■ **Excerpted records**:
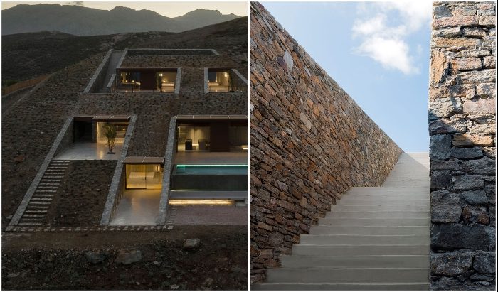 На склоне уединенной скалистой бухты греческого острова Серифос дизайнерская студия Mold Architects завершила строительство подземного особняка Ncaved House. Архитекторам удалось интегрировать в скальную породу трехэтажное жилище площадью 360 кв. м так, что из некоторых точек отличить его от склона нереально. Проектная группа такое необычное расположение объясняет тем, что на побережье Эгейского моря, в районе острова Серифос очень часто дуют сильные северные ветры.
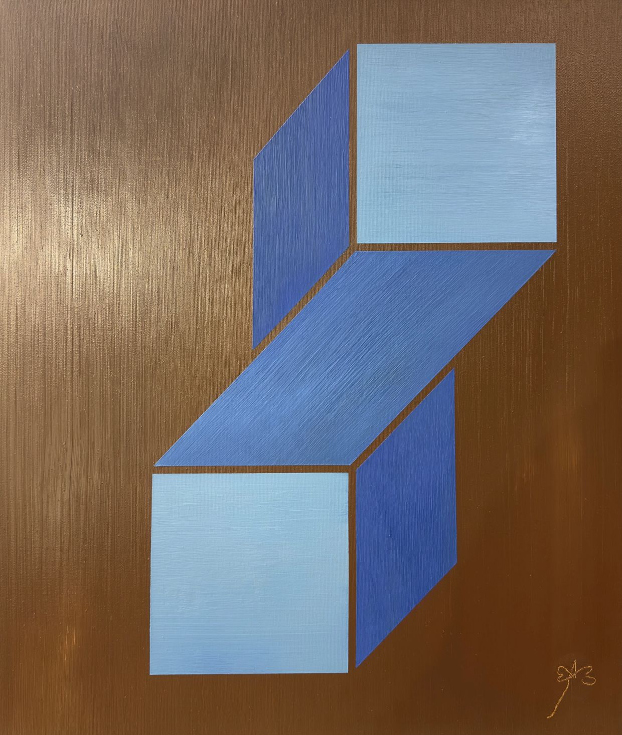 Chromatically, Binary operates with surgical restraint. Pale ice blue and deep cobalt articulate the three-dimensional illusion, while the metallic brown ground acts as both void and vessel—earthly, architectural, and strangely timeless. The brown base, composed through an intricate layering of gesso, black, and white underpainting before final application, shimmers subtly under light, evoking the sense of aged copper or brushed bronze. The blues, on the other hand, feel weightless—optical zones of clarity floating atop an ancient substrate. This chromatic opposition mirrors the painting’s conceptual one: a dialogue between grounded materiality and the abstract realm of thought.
* * *
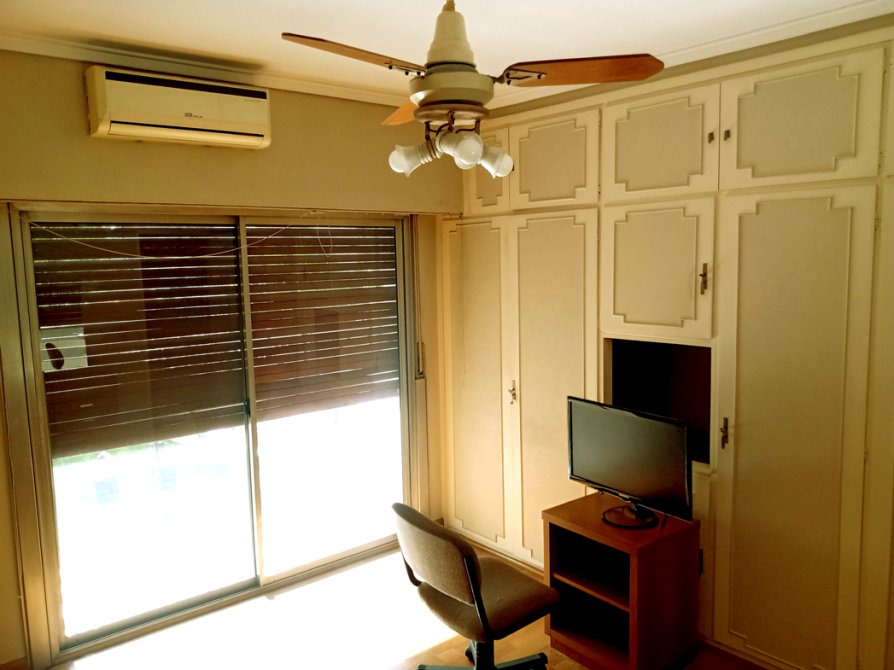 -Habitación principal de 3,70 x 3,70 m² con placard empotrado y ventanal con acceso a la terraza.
* * *
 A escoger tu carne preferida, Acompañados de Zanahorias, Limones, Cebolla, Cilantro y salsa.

■ **Directions for this task**: The stretch above running from the line with "На склоне уединенной" through the line with "Chromatically, Binary operates" is all you should copy, exactly, leaving out the pictures.

■ **Answer box**:
 На склоне уединенной скалистой бухты греческого острова Серифос дизайнерская студия Mold Architects завершила строительство подземного особняка Ncaved House. Архитекторам удалось интегрировать в скальную породу трехэтажное жилище площадью 360 кв. м так, что из некоторых точек отличить его от склона нереально. Проектная группа такое необычное расположение объясняет тем, что на побережье Эгейского моря, в районе острова Серифос очень часто дуют сильные северные ветры.
 Chromatically, Binary operates with surgical restraint. Pale ice blue and deep cobalt articulate the three-dimensional illusion, while the metallic brown ground acts as both void and vessel—earthly, architectural, and strangely timeless. The brown base, composed through an intricate layering of gesso, black, and white underpainting before final application, shimmers subtly under light, evoking the sense of aged copper or brushed bronze. The blues, on the other hand, feel weightless—optical zones of clarity floating atop an ancient substrate. This chromatic opposition mirrors the painting’s conceptual one: a dialogue between grounded materiality and the abstract realm of thought.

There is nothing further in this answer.